* PROBLEM TO WORK ON
In the data below, find the line with "Eredeti és stílusos" and output it along with every later line, exactly, but not the pictures.

* INPUT DATA
....

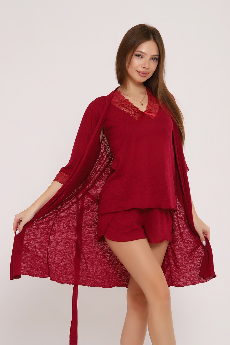 Пеньюар тройка женский №29009 деворе (р-ры: 44-54) бордовый
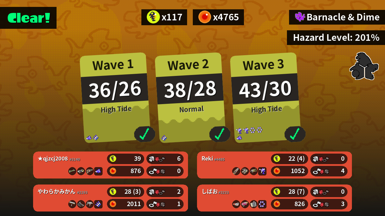 | Weapons | Bamboozler 14 Mk I Splattershot Nova Squeezer | Carbon Roller Bloblobber Grizzco Roller | Goo Tuber Rapid Blaster Sloshing Machine | Grizzco Splatana Grizzco Dualies Sploosh-o-matic |
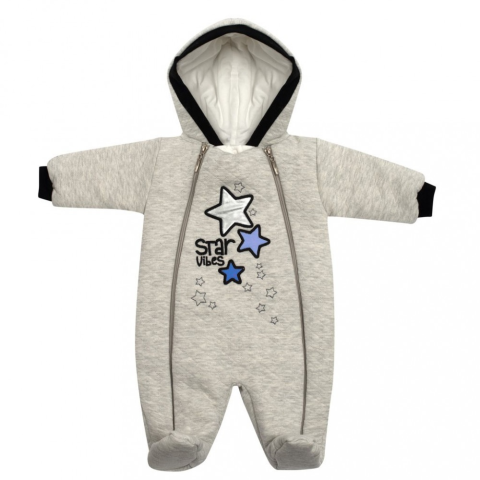 Eredeti és stílusos baba téli kezeslábas kapucnival Koala Star Vibes, kisbabák számára. Teljes hosszában a két oldalán cipzáros, ami megkönnyíti a baba öltöztetését és pelenkázását. Nagyon kellemes és puha anyagból készült, amelyben a baba nagyon kényelme
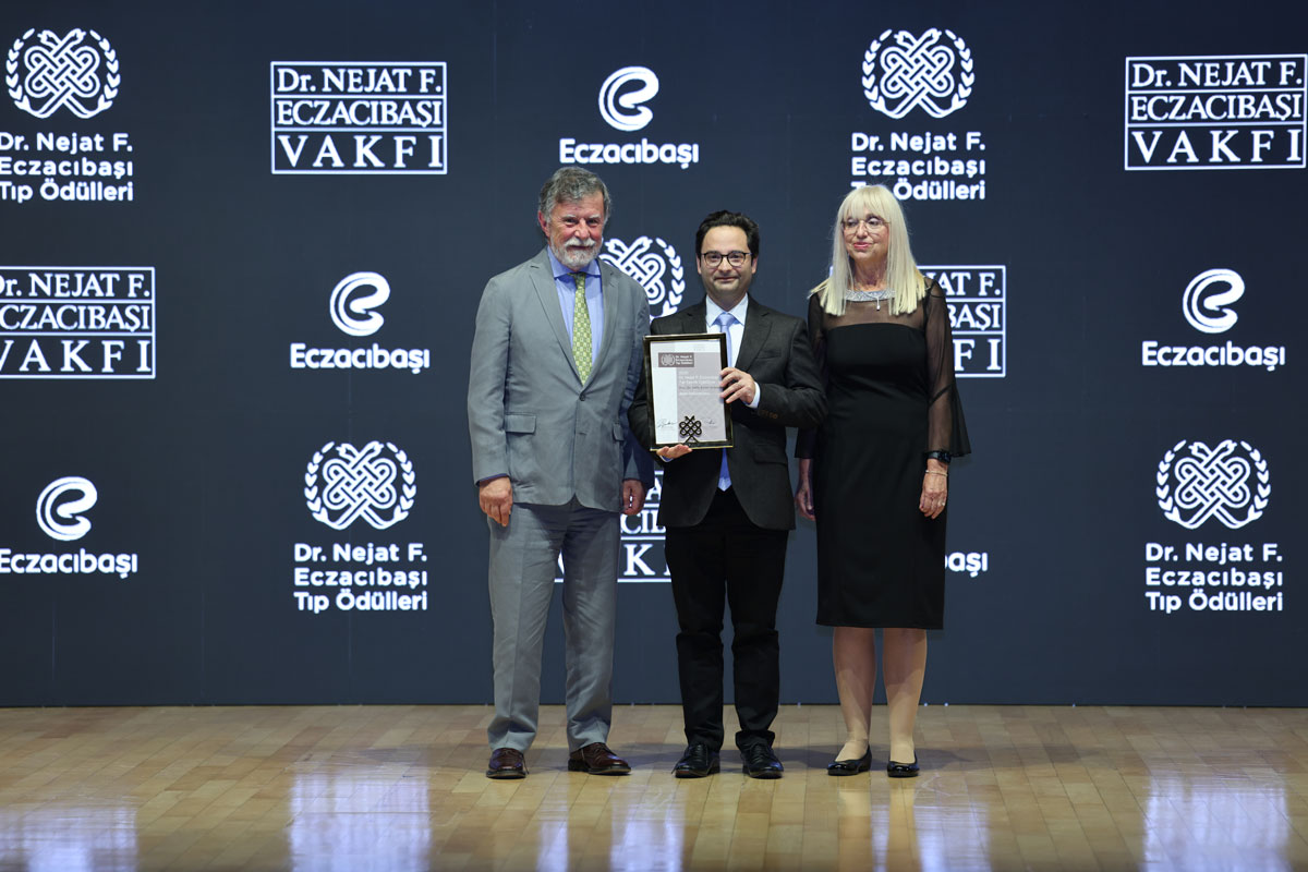 Soldan sağa: Dr. Nejat F. Eczacıbaşı Tıp Ödülleri Bilimsel Değerlendirme Kurulu Başkanı Prof. Dr. Turgay Dalkara, 2019 Dr. Nejat F. Eczacıbaşı Bilimsel Araştırma Destek Ödülü sahibi Doç. Dr. Ceyda Açılan Ayhan, Eczacıbaşı Holding İnovasyon ve Girişimcilik Koordinatörü Emre Eczacıbaşı
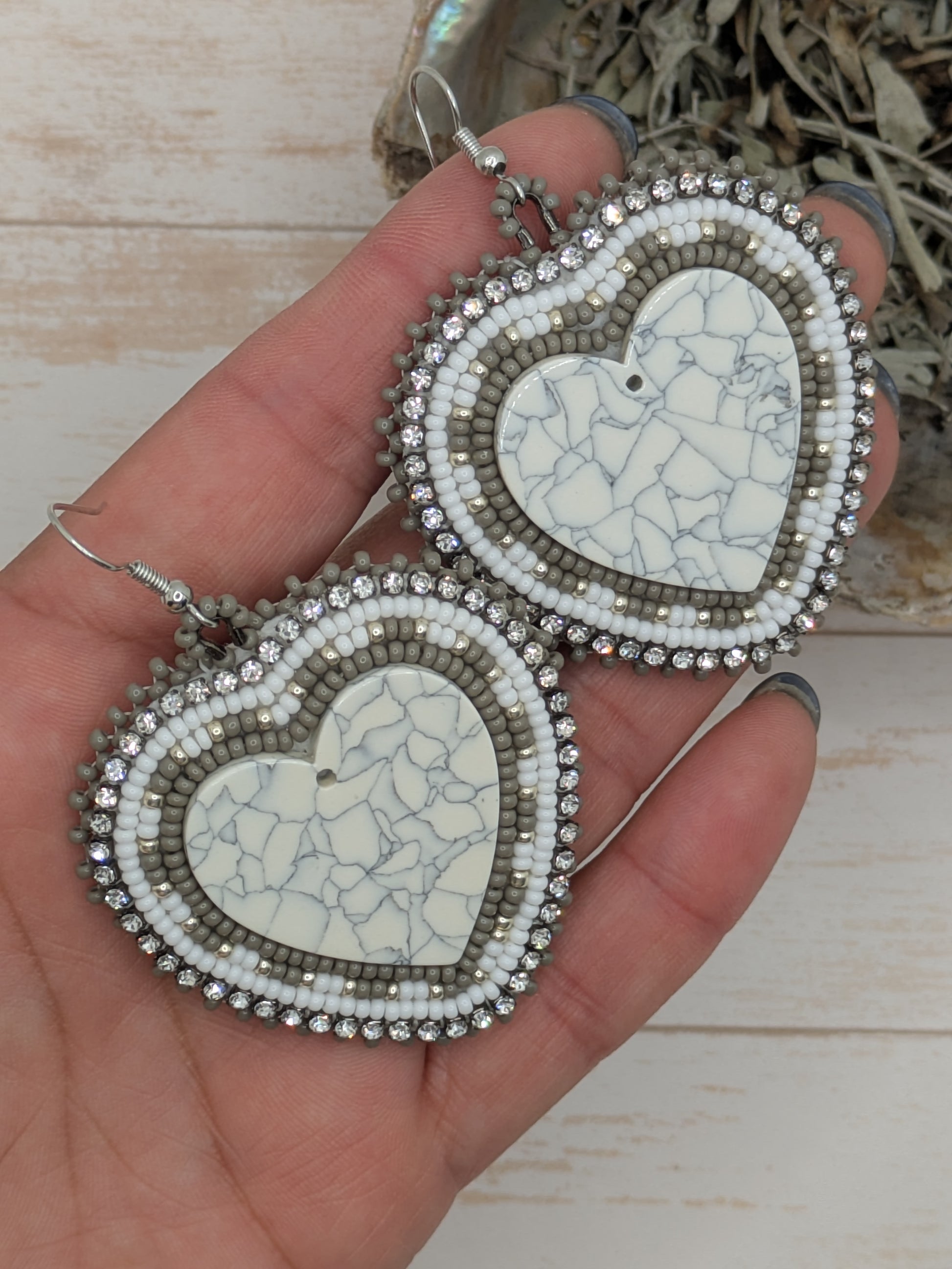 These earrings are beaded with size 11 seed beads and rhinestone banding. With faux leather backing.

....

* OUTPUT OF THE EXERCISE
 Eredeti és stílusos baba téli kezeslábas kapucnival Koala Star Vibes, kisbabák számára. Teljes hosszában a két oldalán cipzáros, ami megkönnyíti a baba öltöztetését és pelenkázását. Nagyon kellemes és puha anyagból készült, amelyben a baba nagyon kényelme
 Soldan sağa: Dr. Nejat F. Eczacıbaşı Tıp Ödülleri Bilimsel Değerlendirme Kurulu Başkanı Prof. Dr. Turgay Dalkara, 2019 Dr. Nejat F. Eczacıbaşı Bilimsel Araştırma Destek Ödülü sahibi Doç. Dr. Ceyda Açılan Ayhan, Eczacıbaşı Holding İnovasyon ve Girişimcilik Koordinatörü Emre Eczacıbaşı
 These earrings are beaded with size 11 seed beads and rhinestone banding. With faux leather backing.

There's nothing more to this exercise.